The Hong Kong Genome Project (HKGP) is the first population-wide whole genome sequencing (WGS) programme in Hong Kong and aimed to integrate genomic medicine into the healthcare system. Implementing genetic counselling is essential to help participants understand the genetic basis of diseases and guide informed decision making. We assessed participant experiences during the initial HKGP pilot phase that enrolled patients with undiagnosed diseases and hereditary cancers.

METHODS

Participants were recruited from three partnering centres at public hospitals during June-September 2023. Participant surveys covered four domains: (1) overall satisfaction, (2) informed consent process, (3) genetic counselling, and (4) attitude towards HKGP. Associations with demographic and socioeconomic characteristics were assessed with multivariable logistic regression. Qualitative feedback was collected in focus group interviews.

RESULTS

Among 422 eligible participants, 341 completed the survey (80.8% response) and five focus group interviews were held (21 participants). We found 89.8% [95% CI: 86.1-92.7] were satisfied with their HKGP experience. Almost all felt that HKGP participation could benefit others (86.8% [95% CI: 82.7-90.0]) and advance genomic research in Hong Kong (88.9% [95% CI: 85.0-91.9]). The survey item with the lowest agreement among respondents was feeling that HKGP participation could improve their/child's medical treatment (73.5% [95% CI: 68.5-78.0]).
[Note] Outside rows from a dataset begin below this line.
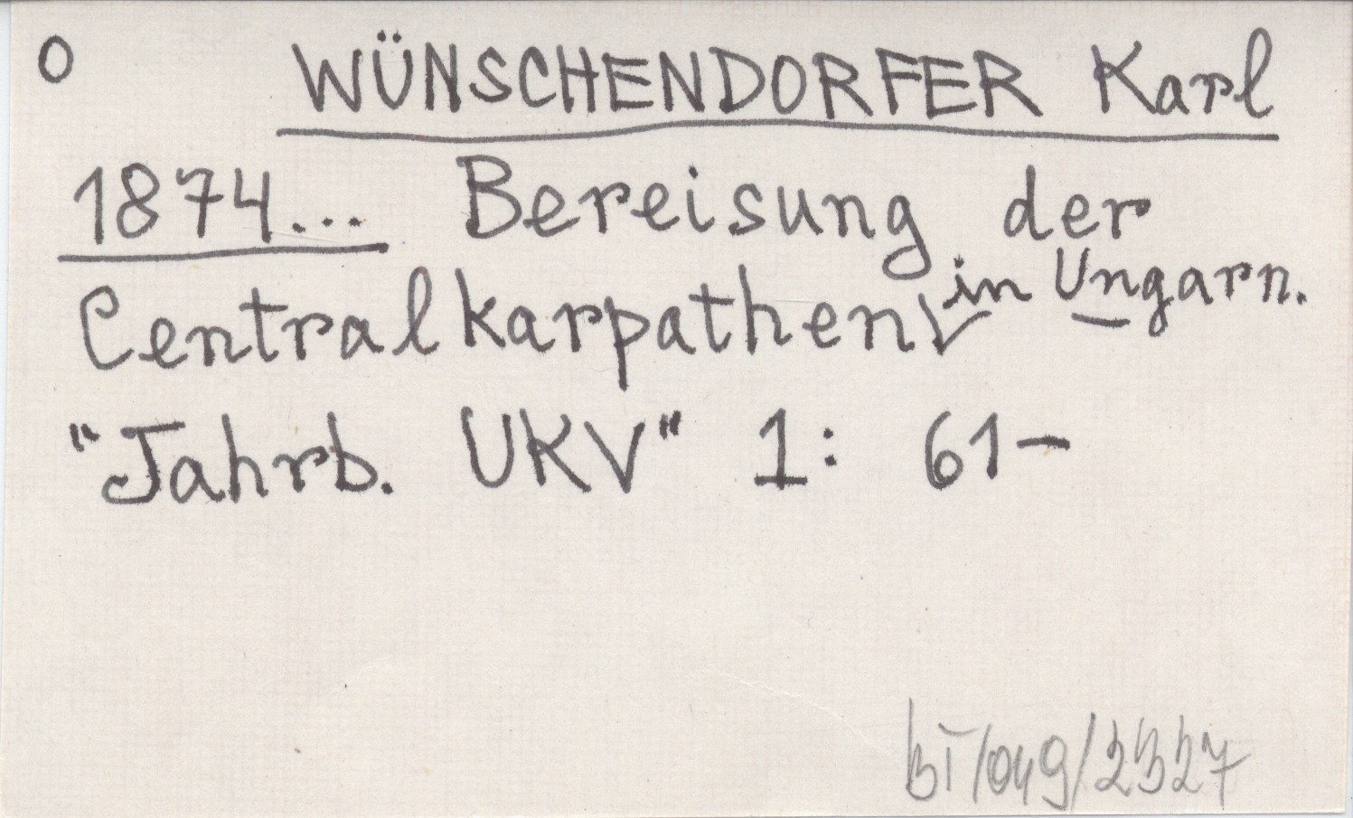 WÜNSCHENDORFER Karl 1874... Bereisung der Centralkarpathen in Ungarn.
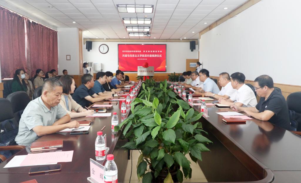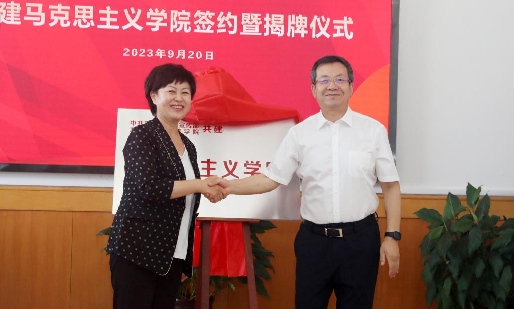 仪式上,市委宣传部常务副部长、一级调研员郑新宣读了共建决定,Beat365官网党委常委、副校长蒋爱林与郑新代表双方签订结对共建协议书,许红琳部长、朱勇书记现场为共建Beat365官方网站揭牌。仪式结束后,与会人员共同参观了校史馆。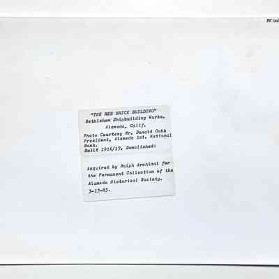 Photo "The Red Brick Building," Bethlehem Shipbuilding Works, Alameda, Calif. Built 1916-17. Now demolished. Photographed shortly before its demolition.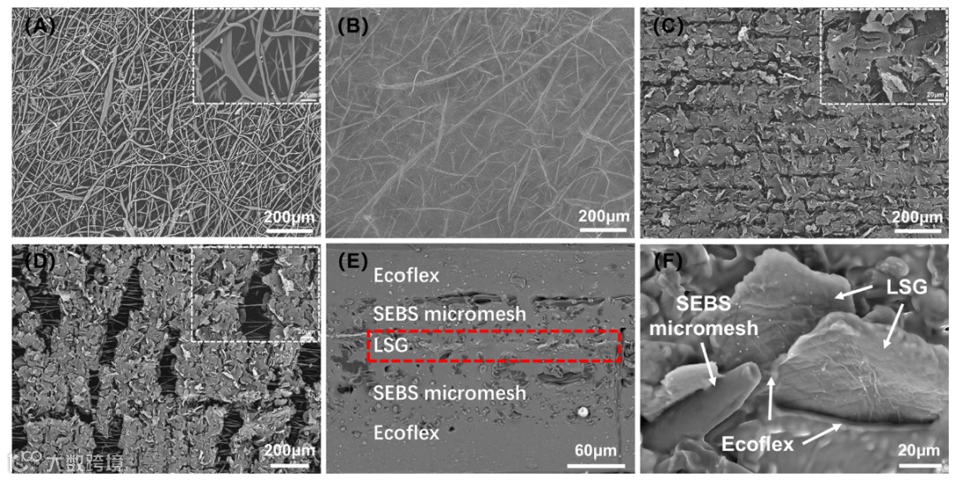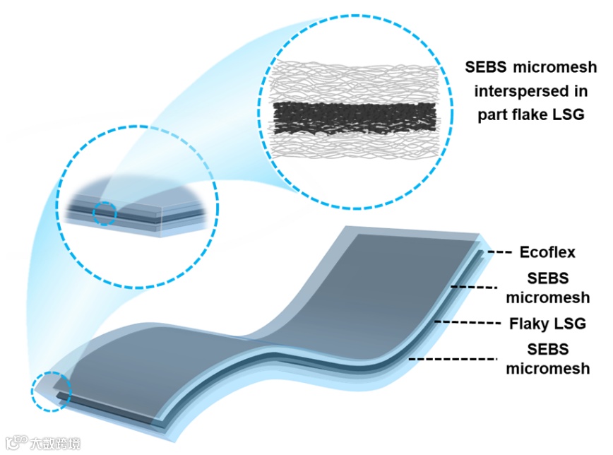 MRSS由包裹在Ecoflex中的两层SEBS微米织物和一层片状LSG组成。激光直写过程中,激光产生的焦耳热导致局部高温,使得涂敷在微米织物上的氧化石墨烯被还原为石墨烯,同时氧元素气化所释放气体导致石墨烯片层膨胀并部分包裹微米织物。使用Ecoflex浸润后,Ecoflex渗透并包裹住微米织物和石墨烯,并与微米织物形成复合柔性基底。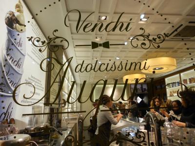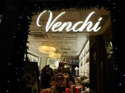 アルノ川沿いから、ポンテ・ヴェッキオ、シニョリーア広場の前の通りからロッジアの先、右側に Venchi のチョコレートショップ発見!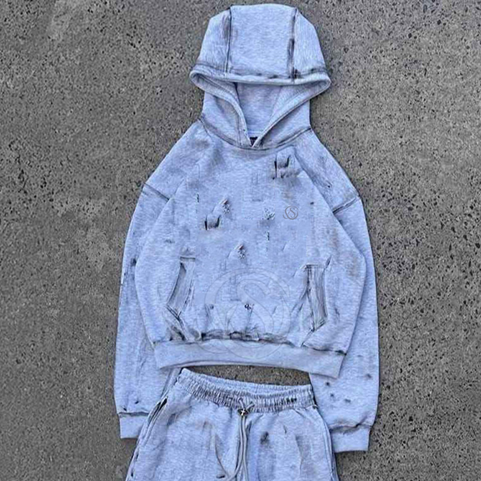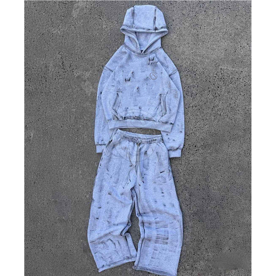 ชุดเซ็ตฮู้ดดี้และกางเกงวอร์มผ้าเฟรนช์เทอร์รี่ทรงโอเวอร์ไซส์ สไตล์เทคแวร์ สำหรับฤดูหนาว สีพื้น เรียบง่าย แบบสั่งทำพิเศษ ขายส่ง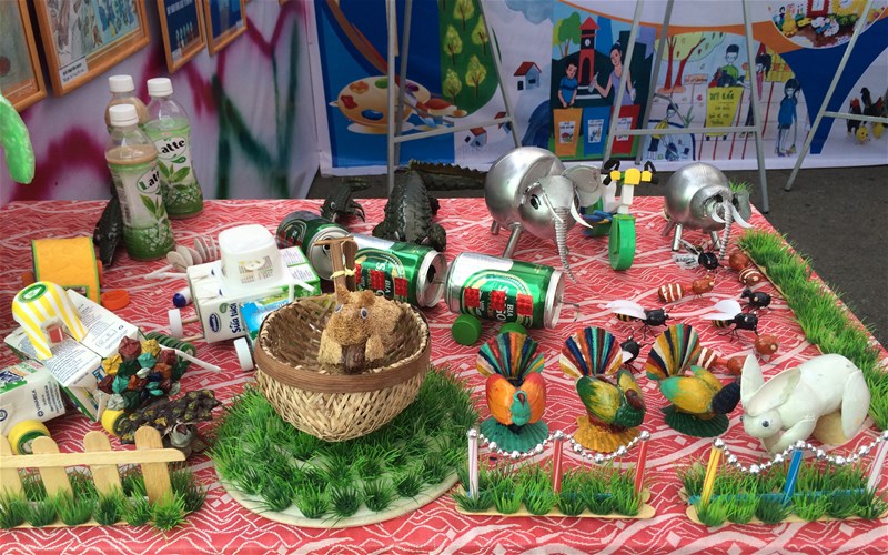 Students from the Faculty of Chemical and Environmental Engineering at Lac Hong University joined in spreading the message of “recycling, saving, and protecting the environment” through designs made from nylon, scrap paper, and more

Those with secondary and tertiary education were less likely to agree genetic counselling was helpful (Odds Ratio [OR]: 0.02 [95% CI: 0.001-0.41]; 0.02 [0.001-0.51]), or the appropriate length of time (OR: 0.12 [95% CI: 0.014-0.81]; 0.11 [0.01-0.91]). Focus group participants cited helping scientific advances and shortening the diagnostic odyssey of future patients as key reasons for participation. Participants hoped for a shorter reporting time of WGS results, additional medical follow-up, and allowing referral of relatives.

CONCLUSIONS

Participants were overall highly satisfied with the HKGP and genetic counselling experience. Satisfaction levels were comparable to overseas genomic programmes and locally provided healthcare services. Participants' major concerns on WGS reporting time could be addressed by strengthening the informed consent process to ensure their expectations align with project implementation. Emphasizing the long-term value of genomic research and its potential for personalized treatments may increase participant engagement.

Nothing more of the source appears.